DIRECTIONS
Go through the listing below and repeat it exactly, dropping the pictures.

DATA SHOWN
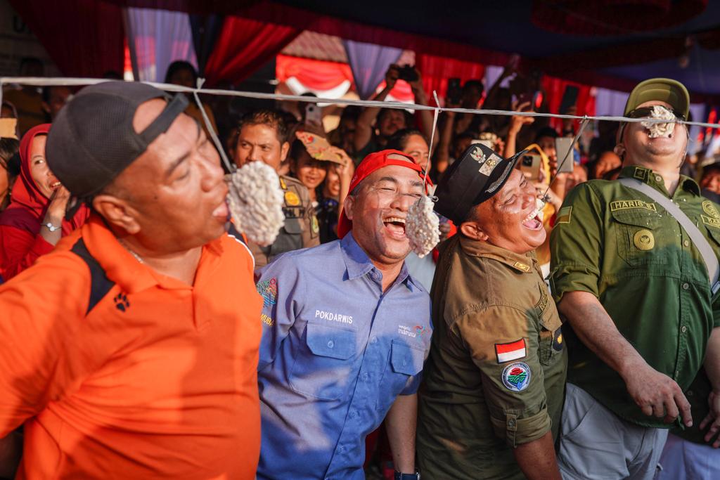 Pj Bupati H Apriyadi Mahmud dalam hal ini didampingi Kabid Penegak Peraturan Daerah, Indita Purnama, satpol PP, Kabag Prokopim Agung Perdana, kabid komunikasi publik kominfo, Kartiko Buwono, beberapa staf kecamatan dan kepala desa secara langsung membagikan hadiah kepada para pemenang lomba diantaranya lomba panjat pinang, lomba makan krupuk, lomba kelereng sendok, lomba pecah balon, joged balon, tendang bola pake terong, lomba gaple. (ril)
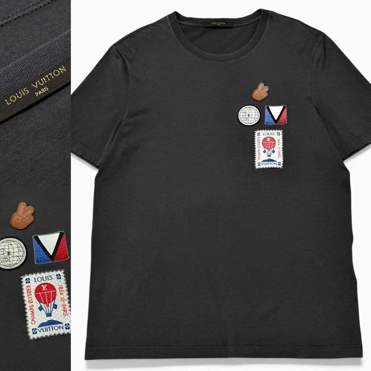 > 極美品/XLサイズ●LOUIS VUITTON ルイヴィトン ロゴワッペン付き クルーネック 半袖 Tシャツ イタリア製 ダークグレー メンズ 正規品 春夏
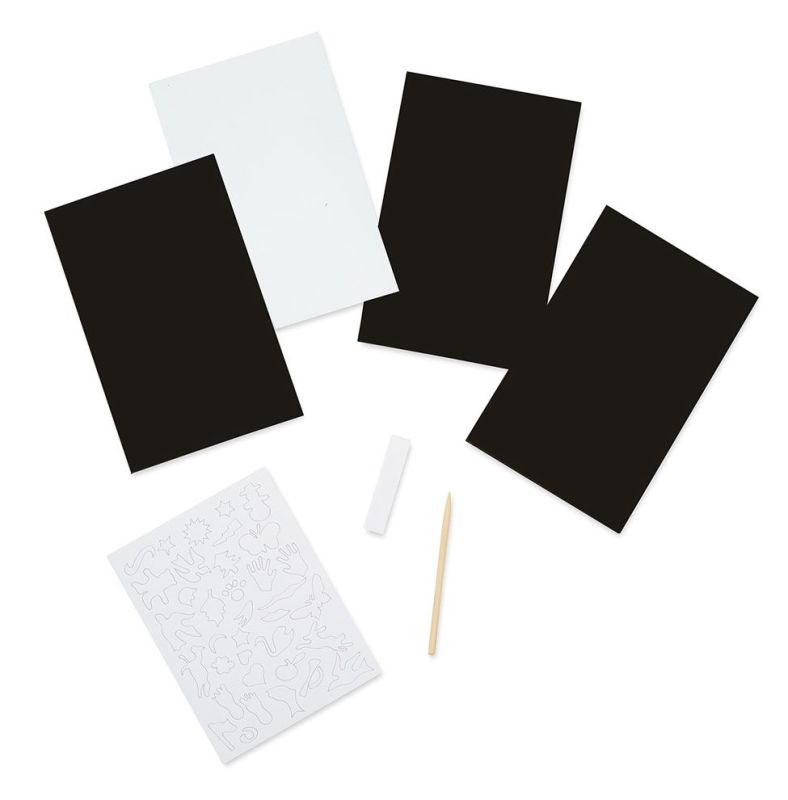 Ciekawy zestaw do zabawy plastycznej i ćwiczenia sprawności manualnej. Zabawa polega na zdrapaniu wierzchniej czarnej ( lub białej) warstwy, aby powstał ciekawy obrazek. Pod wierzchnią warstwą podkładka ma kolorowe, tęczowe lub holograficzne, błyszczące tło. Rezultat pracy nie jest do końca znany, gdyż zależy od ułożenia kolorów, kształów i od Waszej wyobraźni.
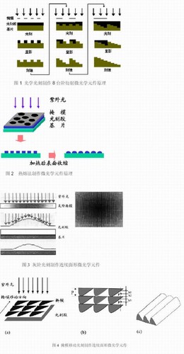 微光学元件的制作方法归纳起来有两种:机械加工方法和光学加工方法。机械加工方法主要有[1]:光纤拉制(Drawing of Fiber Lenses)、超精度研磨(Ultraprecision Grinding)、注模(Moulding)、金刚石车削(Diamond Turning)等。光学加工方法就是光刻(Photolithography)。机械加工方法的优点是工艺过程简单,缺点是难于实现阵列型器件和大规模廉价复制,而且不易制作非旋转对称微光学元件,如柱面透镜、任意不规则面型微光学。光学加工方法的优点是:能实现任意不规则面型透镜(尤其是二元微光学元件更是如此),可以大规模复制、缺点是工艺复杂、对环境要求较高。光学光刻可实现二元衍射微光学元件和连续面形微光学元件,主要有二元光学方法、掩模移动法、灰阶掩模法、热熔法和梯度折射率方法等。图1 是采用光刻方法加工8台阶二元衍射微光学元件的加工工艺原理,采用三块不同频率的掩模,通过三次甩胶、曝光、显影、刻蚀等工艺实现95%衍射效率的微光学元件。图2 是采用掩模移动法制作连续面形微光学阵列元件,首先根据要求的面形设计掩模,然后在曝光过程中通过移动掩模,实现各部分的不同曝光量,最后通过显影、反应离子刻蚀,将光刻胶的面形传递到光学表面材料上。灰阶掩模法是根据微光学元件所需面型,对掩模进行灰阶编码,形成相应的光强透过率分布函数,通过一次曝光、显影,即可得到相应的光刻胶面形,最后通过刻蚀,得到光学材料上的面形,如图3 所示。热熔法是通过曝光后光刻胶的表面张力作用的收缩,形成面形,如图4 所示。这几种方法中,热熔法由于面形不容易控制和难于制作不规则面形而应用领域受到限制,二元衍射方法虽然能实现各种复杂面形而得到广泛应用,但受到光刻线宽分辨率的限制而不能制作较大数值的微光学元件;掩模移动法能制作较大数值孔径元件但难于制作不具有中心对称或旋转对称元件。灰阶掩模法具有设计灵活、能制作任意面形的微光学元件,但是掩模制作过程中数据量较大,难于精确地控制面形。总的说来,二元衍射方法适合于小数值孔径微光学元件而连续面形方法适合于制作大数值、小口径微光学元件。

RESPONSE BELOW
 Pj Bupati H Apriyadi Mahmud dalam hal ini didampingi Kabid Penegak Peraturan Daerah, Indita Purnama, satpol PP, Kabag Prokopim Agung Perdana, kabid komunikasi publik kominfo, Kartiko Buwono, beberapa staf kecamatan dan kepala desa secara langsung membagikan hadiah kepada para pemenang lomba diantaranya lomba panjat pinang, lomba makan krupuk, lomba kelereng sendok, lomba pecah balon, joged balon, tendang bola pake terong, lomba gaple. (ril)
 > 極美品/XLサイズ●LOUIS VUITTON ルイヴィトン ロゴワッペン付き クルーネック 半袖 Tシャツ イタリア製 ダークグレー メンズ 正規品 春夏
 Ciekawy zestaw do zabawy plastycznej i ćwiczenia sprawności manualnej. Zabawa polega na zdrapaniu wierzchniej czarnej ( lub białej) warstwy, aby powstał ciekawy obrazek. Pod wierzchnią warstwą podkładka ma kolorowe, tęczowe lub holograficzne, błyszczące tło. Rezultat pracy nie jest do końca znany, gdyż zależy od ułożenia kolorów, kształów i od Waszej wyobraźni.
 微光学元件的制作方法归纳起来有两种:机械加工方法和光学加工方法。机械加工方法主要有[1]:光纤拉制(Drawing of Fiber Lenses)、超精度研磨(Ultraprecision Grinding)、注模(Moulding)、金刚石车削(Diamond Turning)等。光学加工方法就是光刻(Photolithography)。机械加工方法的优点是工艺过程简单,缺点是难于实现阵列型器件和大规模廉价复制,而且不易制作非旋转对称微光学元件,如柱面透镜、任意不规则面型微光学。光学加工方法的优点是:能实现任意不规则面型透镜(尤其是二元微光学元件更是如此),可以大规模复制、缺点是工艺复杂、对环境要求较高。光学光刻可实现二元衍射微光学元件和连续面形微光学元件,主要有二元光学方法、掩模移动法、灰阶掩模法、热熔法和梯度折射率方法等。图1 是采用光刻方法加工8台阶二元衍射微光学元件的加工工艺原理,采用三块不同频率的掩模,通过三次甩胶、曝光、显影、刻蚀等工艺实现95%衍射效率的微光学元件。图2 是采用掩模移动法制作连续面形微光学阵列元件,首先根据要求的面形设计掩模,然后在曝光过程中通过移动掩模,实现各部分的不同曝光量,最后通过显影、反应离子刻蚀,将光刻胶的面形传递到光学表面材料上。灰阶掩模法是根据微光学元件所需面型,对掩模进行灰阶编码,形成相应的光强透过率分布函数,通过一次曝光、显影,即可得到相应的光刻胶面形,最后通过刻蚀,得到光学材料上的面形,如图3 所示。热熔法是通过曝光后光刻胶的表面张力作用的收缩,形成面形,如图4 所示。这几种方法中,热熔法由于面形不容易控制和难于制作不规则面形而应用领域受到限制,二元衍射方法虽然能实现各种复杂面形而得到广泛应用,但受到光刻线宽分辨率的限制而不能制作较大数值的微光学元件;掩模移动法能制作较大数值孔径元件但难于制作不具有中心对称或旋转对称元件。灰阶掩模法具有设计灵活、能制作任意面形的微光学元件,但是掩模制作过程中数据量较大,难于精确地控制面形。总的说来,二元衍射方法适合于小数值孔径微光学元件而连续面形方法适合于制作大数值、小口径微光学元件。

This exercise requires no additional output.